After a pause he continued "It was perhaps just as well to have people think so. I considered his death to have been a great misfortune."

I was so overcome that, as I stood beside the fireplace, I was not able to utter a word. The remark, "It was perhaps just as well that people should think so," seemed to tear a veil from my eyes. It caused a turmoil in my brain and struck deep into my heart, wounding me more than all the rest of the Emperor's words.

Was it possible that while he had been treating me as his daughter, while I had been glad and grateful to look upon him as a father who took the place of the one I had lost, all these attentions, this solicitude was the result of deliberate planning and not of spontaneous affection? The thing that is dearest to a woman, her reputation, had in this instance been sacrificed for reasons of State, instead of being protected by the man who should have been the first to do so.

Those marks of affection which the Emperor had bestowed on me, and which I considered both precious and gratifying, furnished additional proof of my shame in the eyes of the world. The Emperor had been able to conceive the idea that I might be guilty.

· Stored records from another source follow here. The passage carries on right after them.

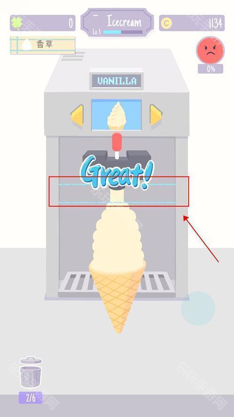 4、之后添加合适口味冰淇淋,将甜筒放入冰淇淋机,长按屏幕,等待蓝线出现时就可以停止啦,否则就会制作失败需要丢弃到左下角垃圾桶重新制作啦。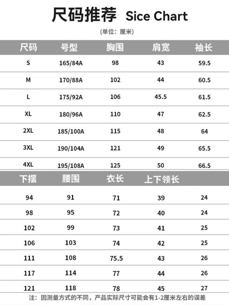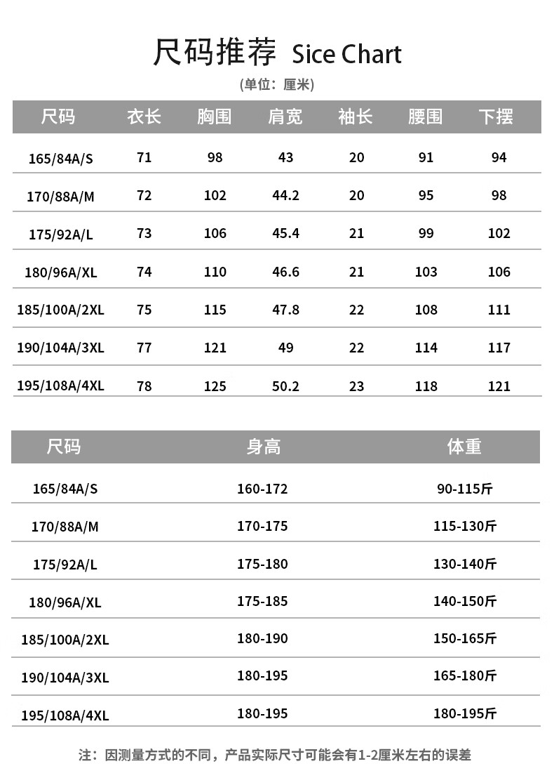 China (cm) 165 / 88-90 170 / 96-98 175 / 108-110 180 / 118-122 185 / 126-130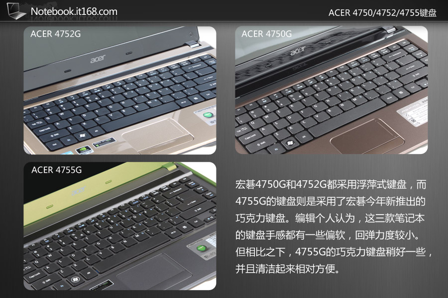 宏碁4750G和4752G都采用浮萍式键盘,而4755G的键盘则是采用了宏碁今年新推出的巧克力键盘。编辑个人认为,这三款笔记本的键盘手感都有一些偏软,回弹力度较小。但相比之下,4755G的巧克力键盘稍好一些,并且清洁起来相对方便。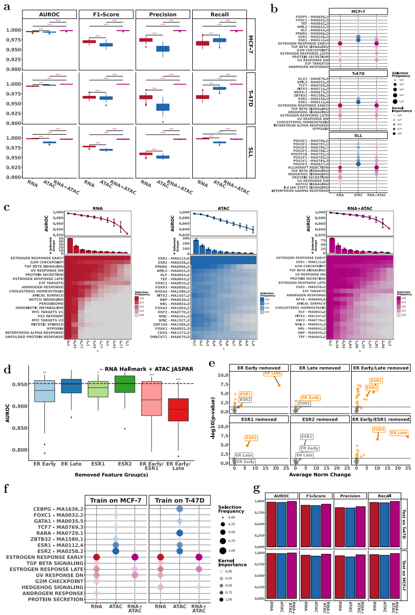 多组学整合部分揭示了跨模态协同效应。在MCF-7细胞中,RNA的ER Early通路与ATAC的ESR1结合位点被共同选择,AUROC达0.99。当人为剔除这些特征时,模型会自适应增强ESR2/ER Late等替代通路,印证了生物学合理性。转移学习实验证实,从MCF-7到T-47D细胞系的跨数据集预测保持0.96以上AUROC,且关键通路选择一致。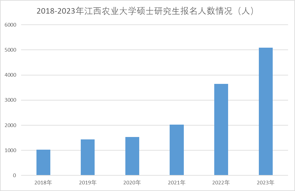 近幾年,江西農業大學碩士研究生報考人數增長迅猛,報考人數從2018年的1029人增長至2023年的5087人,年均增長近65%。

His compliments, instead of being, as I had considered them, sincere tokens of his esteem, had doubtless been empty phrases prompted by political motives. Instead of being my friends the people about me were perhaps merely courtiers seeking the favor of the mother of the Emperor's heir.

I had perhaps been simply an instrument by which ambitious persons had hoped to gain their ends. Ah, how dreadful it is to have one's illusions shattered so rudely! Yet I admit this first movement of indignation passed off quickly. Evil that comes from without, and of which we do not cherish the secret sting within our own bosoms, strikes us but is powerless to inflict deep wounds.

My heart was pure, and I knew that truth is not to be found at the courts of monarchs, that where ambition holds the center of the stage one cannot expect to find either sincerity or rectitude. Only I could not help feeling sorry for my lot.

Since then I have thought over this conversation with the Emperor and, having grown more familiar with his character, I have come to believe that the words I treated so seriously were uttered merely as a passing phrase.

I am convinced that he never could have credited a gossip which cast an unpleasant light on my character. He had enough enemies who sought to slander him in every way without himself offering them additional material. The verses printed in reply to an English newspaper attack which I had asked Bourrienne to explain to me shortly after my marriage were proof enough that he did not wish any discreditable reports about my conduct to be put in circulation.

At the moment, however, I did not reason so clearly, and for a long time I felt a repulsion toward the Emperor on account of what he had said. His mention of a divorce had also struck me, and I was therefore less astonished than I should otherwise have been when later my mother told me of an interview she had had with the Chief of Police, Fouché.